Sean Penn in Talks For Mob Movie Scarpa

Antoine Fuqua‘s Brooklyn’s Finest has become the first sale to make news during Sundance (yeah, let’s forget the deals that happened before the festival had even kicked off – where’s the marketable hype value in those?). Senator have reportedly paid $5 million for the film, so you’d imagine they’re very happy with it. Or, on the other hand, maybe not…

“It strikes me that the ending will be different” said their president Mark Urman. He does add that Antoine Fuqua “must be happy” with the new ending, but what if Fuqua is happy with the one he’s got? I suppose the suggestion is that the director is feeling flexible – he did sign the deal after all. Or maybe Senator’s commitment to an 8-figure fund for prints and advertising balanced the issue. Or perhaps – just perhaps – Fuqua doesn’t like the ending he’s given his own film and wants to “fix” it.

While promoting the film, Fuqua talked about his plans for future projects, including the movie he’s negotiating with Sean Penn for.

That film has the working title Scarpa, for the mobster Gregory Scarpa Sr.

“[I]t’s New York again, Brooklyn, FBI, Italian gangsters, it takes place from the ’60s to the ’90s, and we’re talking to Sean Penn.”

I’m encouraged by movie concepts that include period settings, gangsters and Sean Penn, largely because just thinking about Carlito’s Way still gives me a warm glow.  That’s even though I haven’t seen it in the best part of a decade – perhaps I’ll force it onto the syllabus for my students later in the term.

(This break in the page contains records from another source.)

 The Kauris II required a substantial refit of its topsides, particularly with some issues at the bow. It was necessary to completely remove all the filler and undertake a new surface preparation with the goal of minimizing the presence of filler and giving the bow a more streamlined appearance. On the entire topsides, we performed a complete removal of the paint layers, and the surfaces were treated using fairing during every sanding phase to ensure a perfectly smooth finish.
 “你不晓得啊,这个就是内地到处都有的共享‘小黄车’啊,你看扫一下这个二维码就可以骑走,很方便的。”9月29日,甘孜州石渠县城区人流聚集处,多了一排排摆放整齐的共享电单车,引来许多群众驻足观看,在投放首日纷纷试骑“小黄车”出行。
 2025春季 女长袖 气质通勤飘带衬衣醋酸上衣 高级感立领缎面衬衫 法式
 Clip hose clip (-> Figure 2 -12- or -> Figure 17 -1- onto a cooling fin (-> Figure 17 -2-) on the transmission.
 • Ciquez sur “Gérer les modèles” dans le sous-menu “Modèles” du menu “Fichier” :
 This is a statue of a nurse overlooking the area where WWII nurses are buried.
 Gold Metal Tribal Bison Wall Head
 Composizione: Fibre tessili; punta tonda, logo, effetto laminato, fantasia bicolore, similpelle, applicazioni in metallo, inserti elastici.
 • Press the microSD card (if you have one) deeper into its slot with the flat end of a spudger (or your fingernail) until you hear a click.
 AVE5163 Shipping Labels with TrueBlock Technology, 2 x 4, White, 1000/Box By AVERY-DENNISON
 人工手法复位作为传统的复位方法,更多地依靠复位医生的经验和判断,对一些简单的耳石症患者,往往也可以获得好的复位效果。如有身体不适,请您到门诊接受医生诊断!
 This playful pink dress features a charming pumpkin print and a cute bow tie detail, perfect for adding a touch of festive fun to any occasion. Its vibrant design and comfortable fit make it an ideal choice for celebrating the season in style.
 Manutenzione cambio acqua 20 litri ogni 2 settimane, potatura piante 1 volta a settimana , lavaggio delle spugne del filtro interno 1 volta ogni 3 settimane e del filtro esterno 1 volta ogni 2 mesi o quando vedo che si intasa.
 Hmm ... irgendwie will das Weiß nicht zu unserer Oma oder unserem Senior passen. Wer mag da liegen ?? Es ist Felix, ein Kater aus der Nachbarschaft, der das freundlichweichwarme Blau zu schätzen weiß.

You can see Gregory Scarpa Jr. pictured at the head of the post. Nicknamed The Grim Reaper, he was at once a killer for the Columbos, who are one of the five families to run New York’s organised crime, as well as being an informant for the FBI. Potential spoiler: having survived an attempt on his life in ’91, Scarpa died in Prison in ’94. He had contracted AIDS from an emergency blood tranfusion.

According to some, Scarpa undertook an assignment for the FBI in which he forced a Klansman to reveal the unmarked graves of three civil rights campaigners. A different version of the same events is claimed by and was dramatised in Mississippi Burning, though neither of these versions of events seems to be considered particularly airtight.